A few months back a friend mentioned an obscure trading book to me, citing it as one of the best trading books he’s ever read, despite the fact that very few people have ever heard of it. Since this guy is a top notch trader in his own right, I made a mental note to add this book to my reading list.
Sperandeo categorizes market participants into three basic types:
- Traders, who focus their activity on the intraday and/or short term trend
- Speculators, who focus on the intermediate trend, taking market positions and holding them for weeks to months
- Investors, who deal mainly with the long term trend, and hold their positions from months to years
He identifies himself as primarily a speculator, but one who plays all three trends, which he jokes might make him a “speculative trader who also invests.”

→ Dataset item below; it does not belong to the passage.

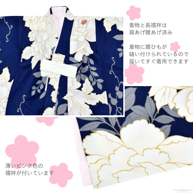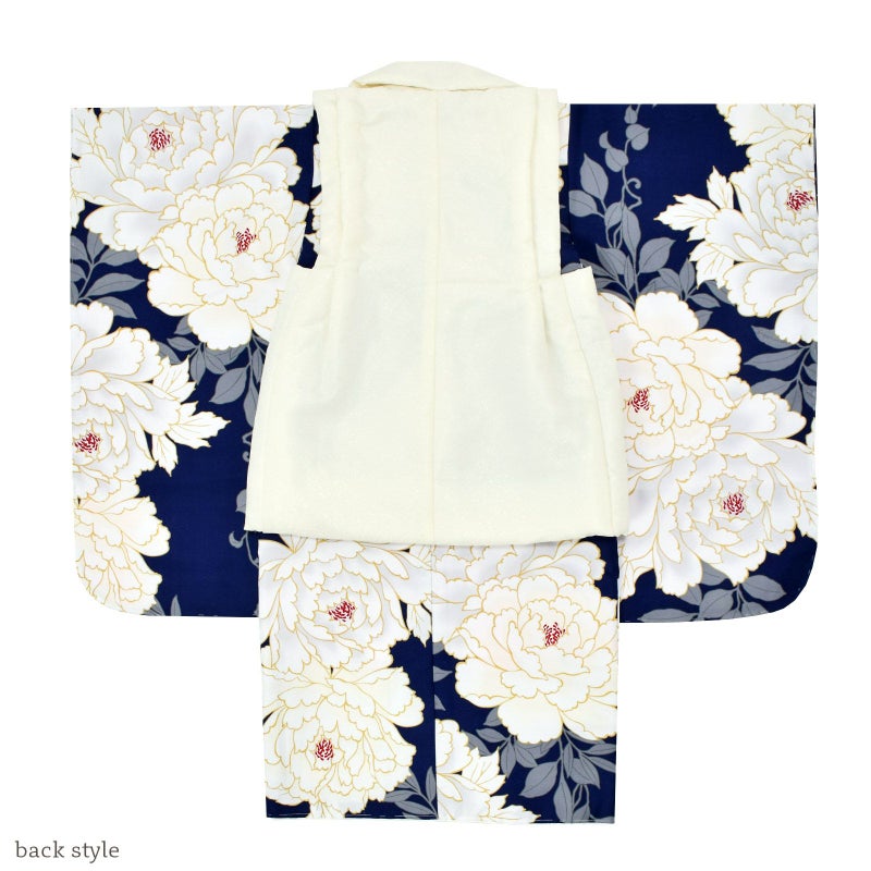 ※着物はすでに身上げ、肩上げが施されています。3歳のお祝いをするお子様の平均身長に合わせて、身長90~100cmぐらいのお子様がぴったりと着ていただけるサイズになっています。もしそれでは大きい、もしくは小さいようでしたら身上げ、肩上げを一度解いていただいて、お子様に合わせて、再度縫い上げてください。

What I found so great about this book is that Vic does not hold up any one theory or technique as holding the secret to investment success. On the contrary, he cites this as the flaw of most investment books – so, he set out to write one that would combine technical and fundamental analysis, with a healthy sprinkling of probabilities and risk management.

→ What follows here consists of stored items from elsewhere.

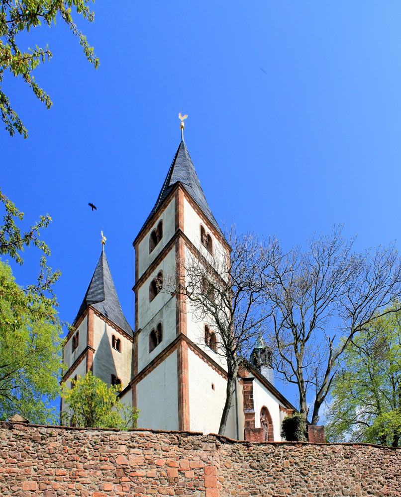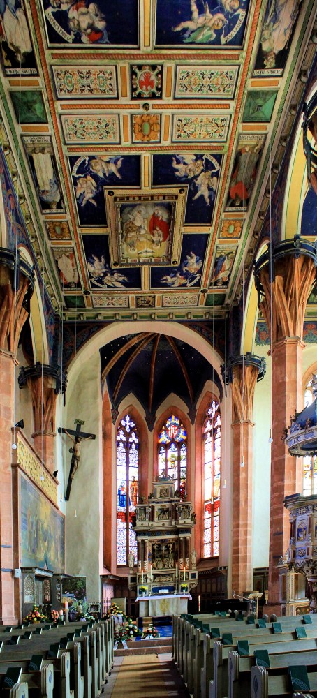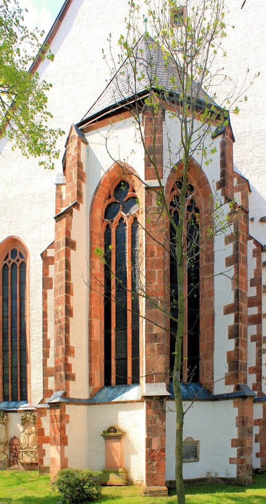 Ev. Stadtkirche St. Nicolai [4]:- Dreischiffige Hallenkirche mit Doppelturmfront im Westen,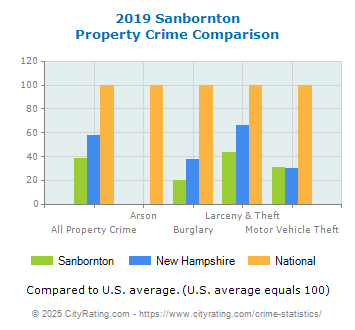 average by 64.56% and the city property crime rate in Sanbornton was lower than the
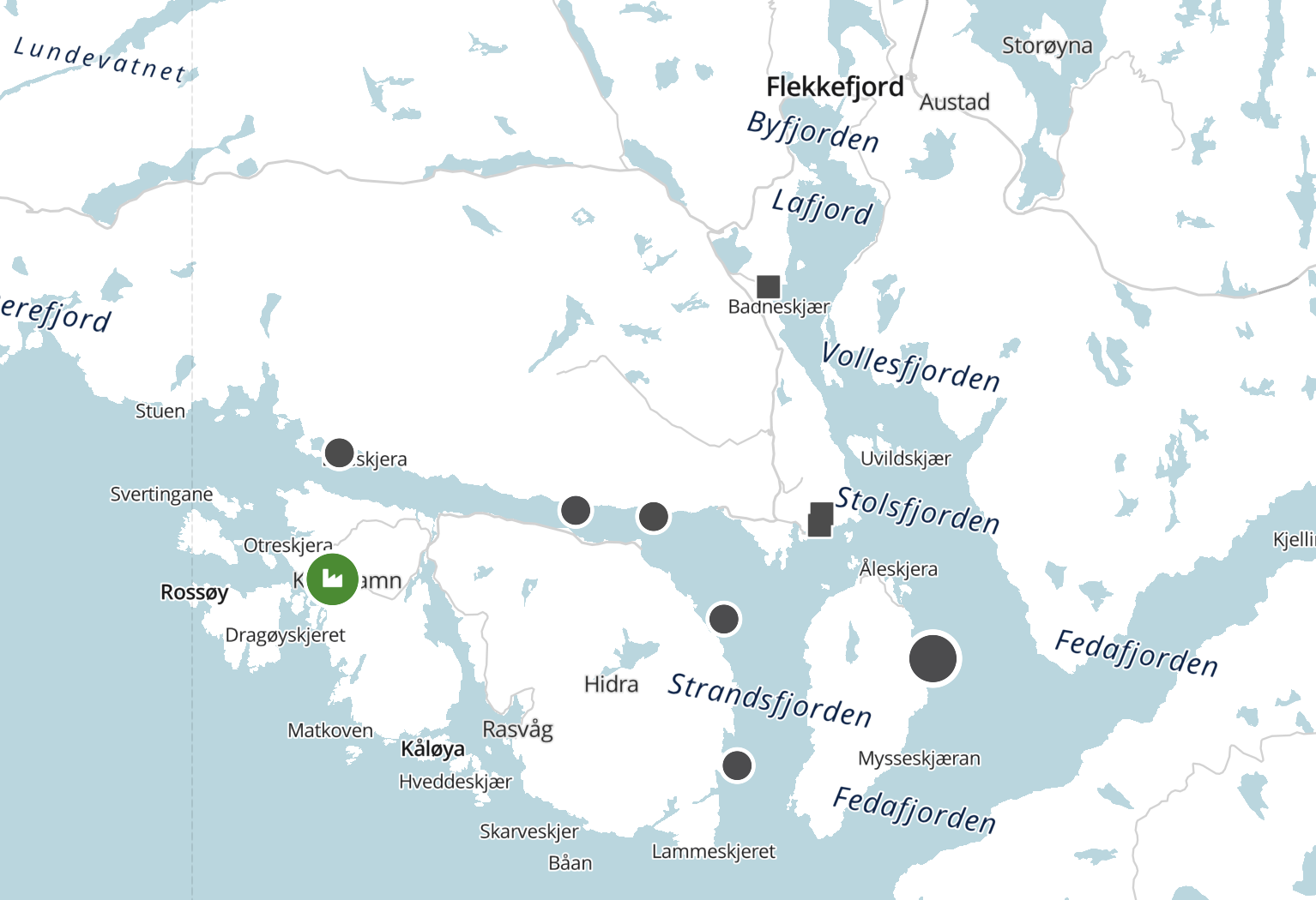 Mowi har flere lokaliteter i nærheten av Flekkefjord. Den største sirkelen nede til høyre markerer lokaliteten Pinnen. Grafikk: Barentswatch

The key takeaway is that investing/trading is a game of probabilities. Your goal, as a market participant, is to maximize your probability of success on each trade, while simultaneously optimizing your risk/reward on that trade.
For much of the book, Sperandeo shares, chapter by chapter, the considerations he uses when placing his positions. He holds Dow Theory in very high regards, using it as a strong guide (but never an absolute indicator). He also uses basic technical analysis, saying its greatest value is that it “provides a method of measuring the tendency of the market to react in a particular way under similar conditions throughout history.”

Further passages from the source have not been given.